- Directed by: Gary Michael Schultz
- Written by: Mike Dozier, Gary Michael Schultz
- Starring: Frank Zieger, Joey Bicicchi, Erin Breen
- Cinematography: Armando Ballesteros
- Edited by: Michael Heffler
- Music by: Tim Montijo
- Production companies: Devil In My Ride, GMS Films
- Release date: October 6, 2013 (Shriekfest);
- Running time: 95 minutes
- Country: United States
- Language: English

= Devil in My Ride =

Devil in My Ride is a 2013 American horror comedy road movie and the feature film directorial debut of Gary Michael Schultz, who also co-wrote the movie's script. It had its world premiere on October 6, 2013 at Shriekfest and was released to video on demand the following year. It stars Joey Bicicchi and Erin Breen as a couple whose dream wedding is ruined when the bride gets possessed by the Devil. Filming took place in Chicago and Las Vegas.

==Synopsis==
Hank (Joey Bicicchi) and Doreen (Erin Breen) are madly in love and can't wait to get married. They've planned out their special day in painstaking detail, from what to wear to who to invite. Everything seems to be going well until Doreen's brother Travis (Frank Zieger) shows up with a present for his sister, a beautiful but cursed locket that causes Doreen to get possessed by the Devil.

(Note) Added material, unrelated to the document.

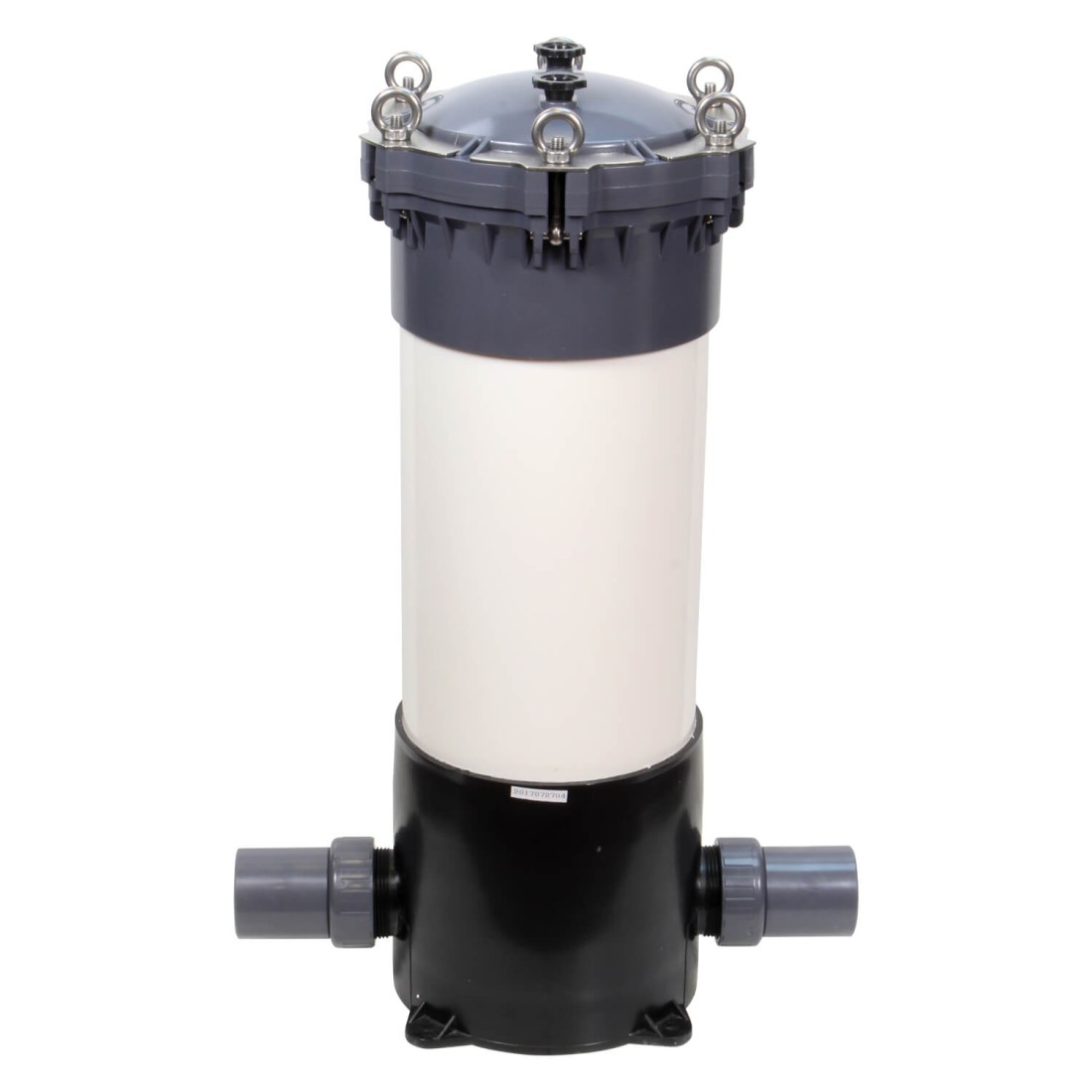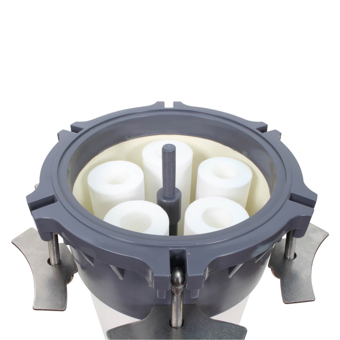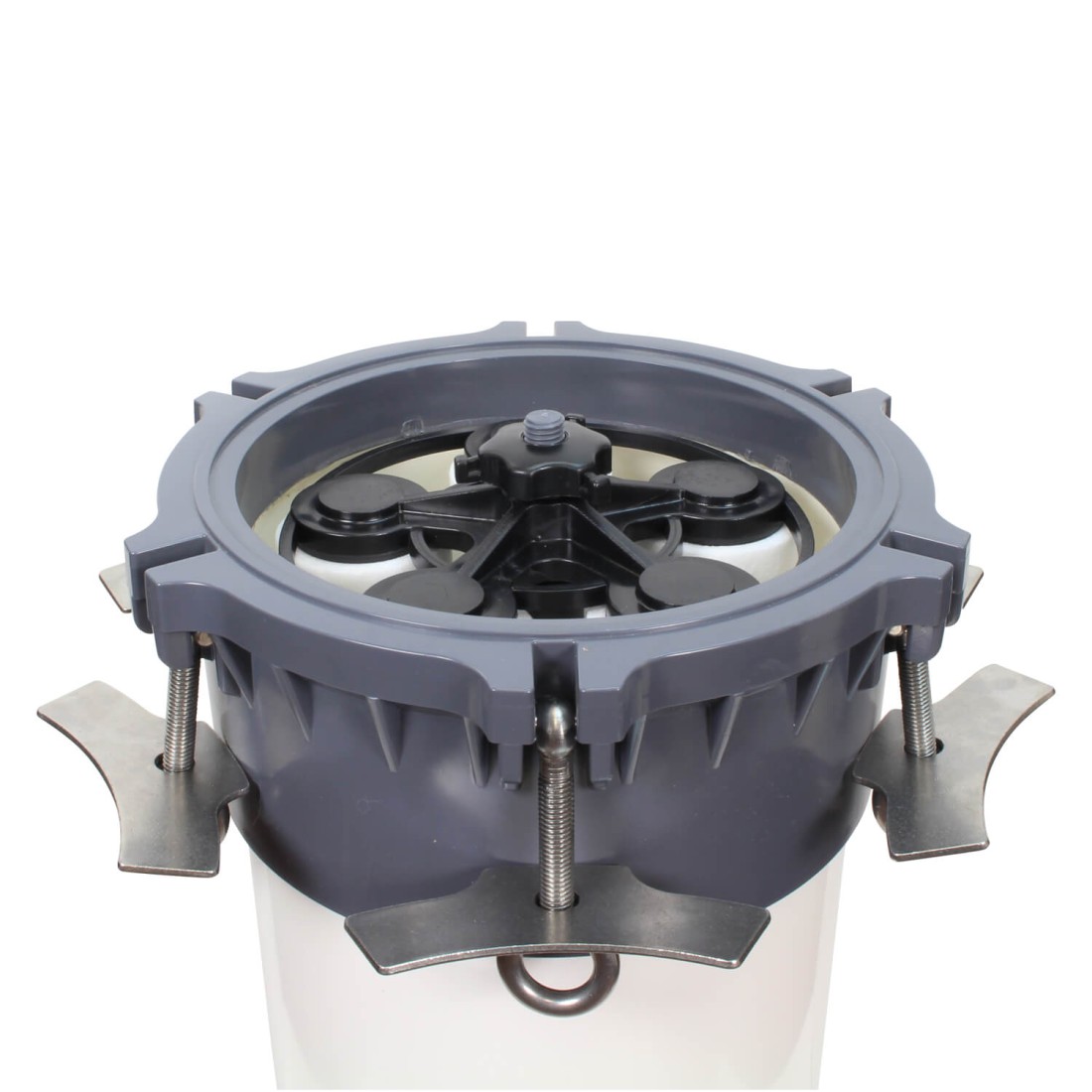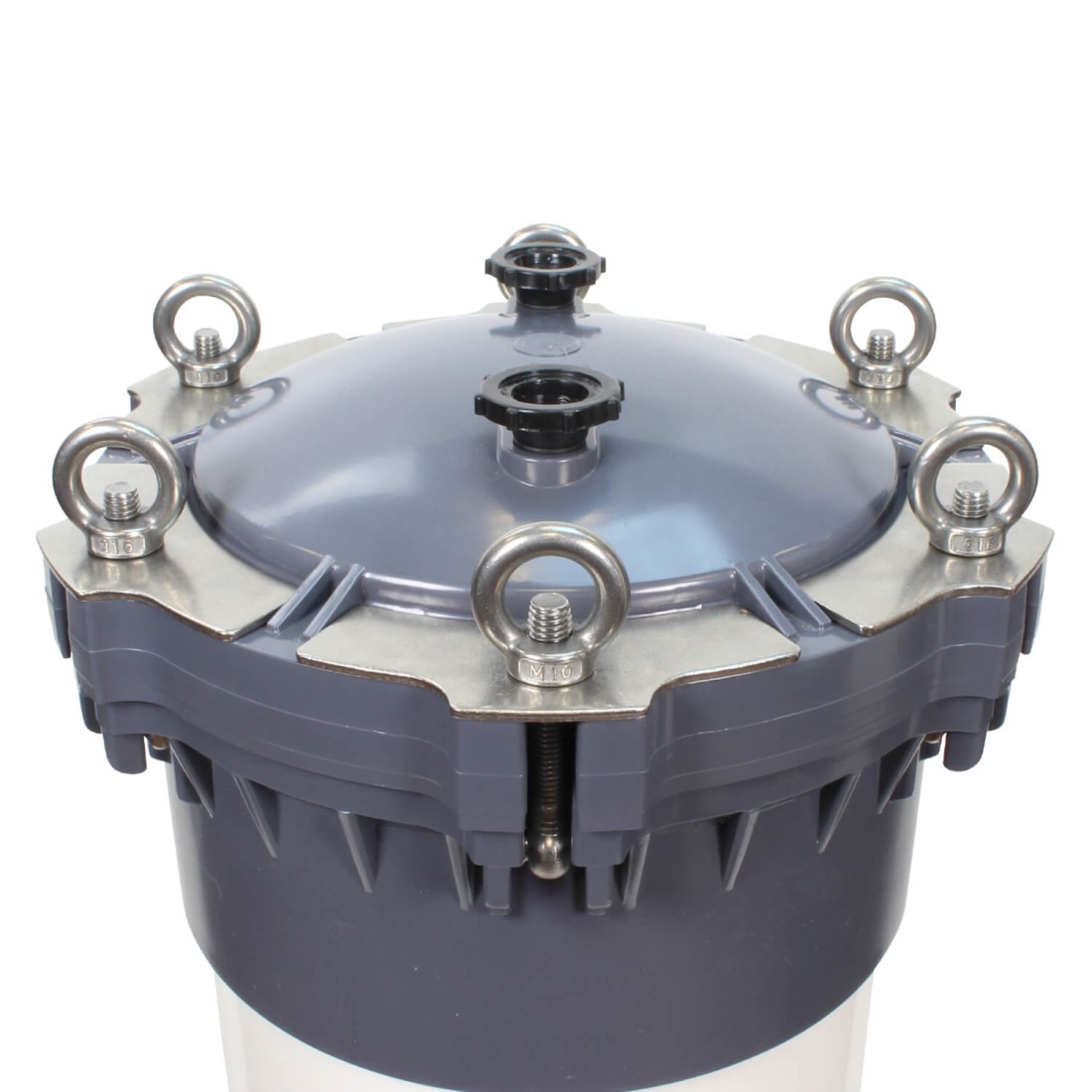 Ce filtre multi-cartouches existe également avec un couvercle de type A sous la référence Crystal Filter® FHPVC-20x5-A. Le filtre multi-cartouches Crystal Filter® FHPVC-20x5-A se ferme par un écrou en plastique à visser, pour une plus grande facilité d’utilisation, mais avec une moindre résistance à la pression.
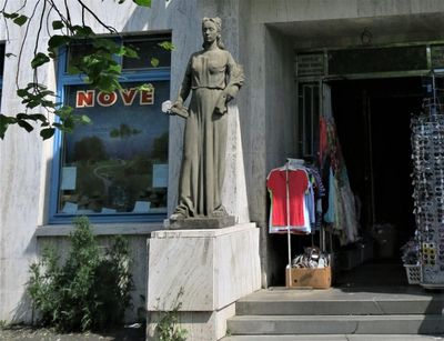 Socha ženy před bývalým hotelem na Náměstí ve Kdyni, statue in Kdyně, Czech Republic

Now Travis and Hank have to drive to Las Vegas in order to find Johnny Priest (Llou Johnson) a homeless exorcist and the last known person to have successfully performed an exorcism- something made more difficult because they only have 72 hours to find Johnny and perform the exorcism before Doreen's soul is forever lost.

==Cast==
- Frank Zieger as Travis
- Joey Bicicchi as Hank
- Erin Breen as Doreen
- Sid Haig as Iggy
- Llou Johnson as Johnny Priest
- Zarinah Ali as Veronica the Sales Clerk
- Hud Cantu as Groomsman Hud
- Tom Carlson as Gustor
- Harold Dennis as Mechanic
- Craig J. Harris as Pawn Shop Owner
- Chris Heinrich as Groomsman Rick
- Cathleen Hennon as Church Woman
- Dave Lipschutz as Beaver
- Rachel Joy Mazza as Gypsy
- Benjamin Nicholson as Gator

==Receptions==
Fangoria gave Devil in My Ride a positive review, praising the film for its acting and "squirm-worthy horror moments". Twitch Film and Dread Central were more mixed in their reviews, as they both felt that the movie's tone was inconsistent at times and Twitch Film wrote that it "doesn't strike as an incredibly creative piece of guerrilla filmmaking, but it is for sure an entertaining trip to enjoy with a bunch of friends."